TS Bret and TD Four keeping the tropical Atlantic active

Tropical Storm Bret, which formed on the 19th from an easterly wave that left the African coast on the 15th is now about to cross the Lesser Antilles and enter the Caribbean Sea.  Then, newly-upgraded Tropical Depression Four is trailing just 1000 miles east of Bret.  The location of this activity is something we don't typically see "turn on" for another couple of months.

Bret is very close to hurricane intensity as it nears the Lesser Antilles... the center should pass over Martinique or St. Lucia on Thursday night, though squally weather will of course extend further away than that (primarily to the north of center).  A tropical storm warning is in effect for Dominica, Martinique, and St. Lucia, and a hurricane watch is in effect for St.
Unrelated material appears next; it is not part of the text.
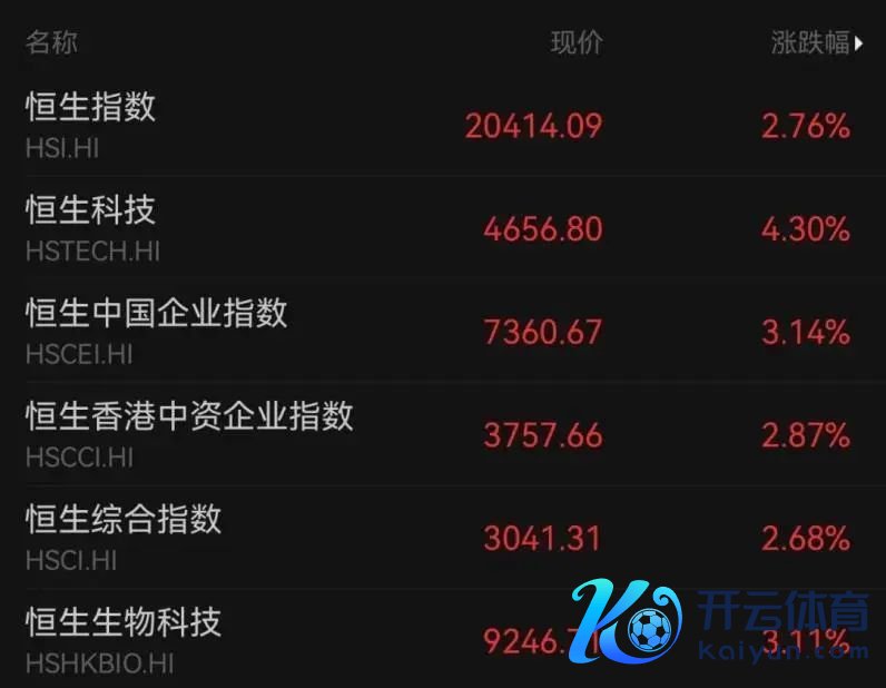 香港恒生指数涨2.76%,再行站上2万点;恒生科技指数涨超4.3%。

Lucia.  You'll find the most current information at https://www.nhc.noaa.gov/graphics_at3.shtml?start#contents

The storm is already experiencing moderate vertical wind shear, so the low-level circulation is displaced to the west of the mid-level center and the bulk of the thunderstorm activity.  The wind shear is expected to increase as Bret enters the Caribbean, so it has likely peaked in intensity and will gradually get ripped apart this weekend.
Radar loop from Barbados, available at https://bmcnoldy.earth.miami.edu/tropics/radar/

Then, the wave behind it which left the African coast on the 18th was upgraded to Tropical Depression Four on Thursday morning.  Although it's following closely in Bret's footsteps, the steering pattern has evolved and this storm will most likely turn to the north before reaching the Lesser Antilles and eventually weaken in the face of strong wind shear early next week somewhere south of Bermuda.  It is forecast to strengthen to a tropical storm later today, and the next name is Cindy.

This map below shows track forecasts from three global model ensembles, ending Tuesday morning. The black line is the mean of all three ensembles. The intensity guidance generally keeps this below hurricane intensity.

Elsewhere, the basin is quiet for now, but this is certainly a bizarre couple of storms to be writing about so early in the season.